Metadata-Version: 2.1
Name: bdownload
Version: 0.0.10
Summary: A multi-threaded and multi-source aria2-like batch file downloading library for Python
Home-page: https://github.com/Jesseatgao/bdownload
Author: Jesse Gao
Author-email: changxigao@gmail.com
License: MIT License
Description: ## bdownload
        [![Latest Version](https://img.shields.io/pypi/v/bdownload.svg)](https://pypi.org/project/bdownload/)
        [![Build Status](https://travis-ci.com/Jesseatgao/bdownload.svg?branch=master)](https://travis-ci.com/Jesseatgao/bdownload)

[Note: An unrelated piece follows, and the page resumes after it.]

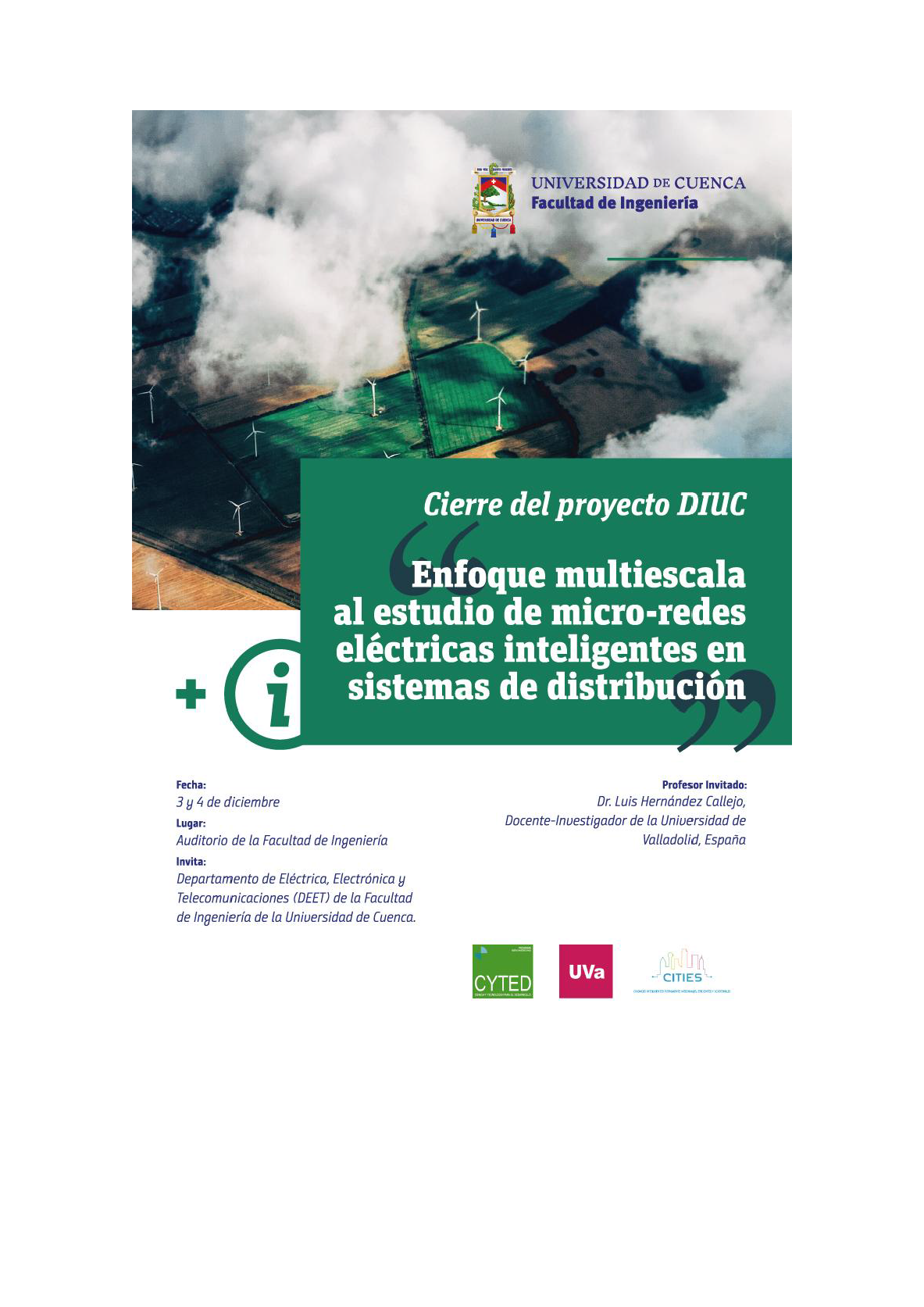 La Universidad de Cuenca (Ecuador), celebra los próximos días 3 y 4 de diciembre de 2018 el cierre de su proyecto DIUC. Entre las actividades programadas se contemplan las conferencias del Coordinador de CITIES sobre "Microrredes Eléctricas: una oportunidad para las fuentes de generación renovables" y "Introducción a los sistemas fotovoltaicos y degradación en los mismos".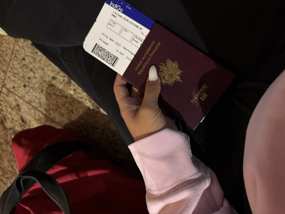 A hand holds a French passport and an IndiGo boarding pass

        [![Supported Versions](https://img.shields.io/pypi/pyversions/bdownload.svg)](https://pypi.org/project/bdownload)
        
        A multi-threaded and multi-source aria2-like batch file downloading library for Python
        
        ### Installation
        
        * via PyPI
        
            `pip install bdownload`
        
        * from within source directory locally
        
            `pip install .`
            
            Note that you should `git clone` or download the source tarball (and unpack it of course) from the repository first 
        
        ### Usage: as a Python package
        
        #### Importing
        
            `from bdownload import BDownloader`
        
                    or
        
            `import bdownload`
        
        #### Signatures
        
        `
        class bdownload.BDownloader(max_workers=None, min_split_size=1024*1024, chunk_size=1024*100, proxy=None, cookies=None,
                                    user_agent=None, logger=None, progress='mill', num_pools=20, pool_maxsize=20, request_timeout=None,
                                    request_retries=None, status_forcelist=None, resumption_retries=None, continuation=True)
        `
        
            Create and initialize a `BDownloader` object for executing download jobs.
          
          * The `max_workers` parameter specifies the number of the parallel downloading threads, whose default value is 
            determined by _#num_of_processor * 5_ if set to `None`.
          
          * `min_split_size` denotes the size in bytes of file pieces split to be downloaded in parallel, which defaults to 
            1024*1024 bytes (i.e. 1MB).
          
          * The `chunk_size` parameter specifies the chunk size in bytes of every http range request, which will take a default 
            value of 1024*100 (i.e. 100KB) if not provided.
          
          * `proxy` supports both HTTP and SOCKS proxies in the form of _http://[user:pass@]host:port_ and 
            _socks5://[user:pass@]host:port_, respectively.
          
          * If `cookies` needs to be set, it must either take the form of _cookie_key=cookie_value_, with multiple pairs separated
            by whitespace and/or semicolon if applicable, e.g. '_key1=val1 key2=val2;key3=val3_', be packed into a `dict`, or 
            be an instance of `CookieJar`, i.e. `cookielib.CookieJar` for Python27, `http.cookiejar.CookieJar` for Python3.x or 
            `RequestsCookieJar` from `requests`.
            
            Note that the `ValueError` exception will be raised when the `cookies` is of the `str` type and not in the valid format.
          
          * When `user_agent` is not given, it will default to '_bdownload/VERSION_', with _VERSION_ being replaced by the 
            package's version number.
          
          * The `logger` parameter specifies an event logger. If `logger` is not `None`, it must be an object of class 
            `logging.Logger` or of its customized subclass.  Otherwise, it will use a default module-level logger returned by 
            `logging.getLogger(__name__)`.
          
          * `progress` determines the style of the progress bar displayed while downloading files. Possible values are `'mill'`,
            `'bar'` and `'none''`. `'mill'` is the default. To disable this feature, e.g. while scripting or multi-instanced, 
            set it to `'none'`.
          
          * The `num_pools` parameter has the same meaning as `num_pools` in `urllib3.PoolManager` and will eventually be passed
            to it. Specifically, `num_pools` specifies the number of connection pools to cache.
          
          * `pool_maxsize` will be passed to the underlying `requests.adapters.HTTPAdapter`. It specifies the maximum number of 
            connections to save that can be reused in the urllib3 connection pool.
        
          * The `request_timeout` parameter specifies the timeouts for the internal `requests` session. The timeout value(s) 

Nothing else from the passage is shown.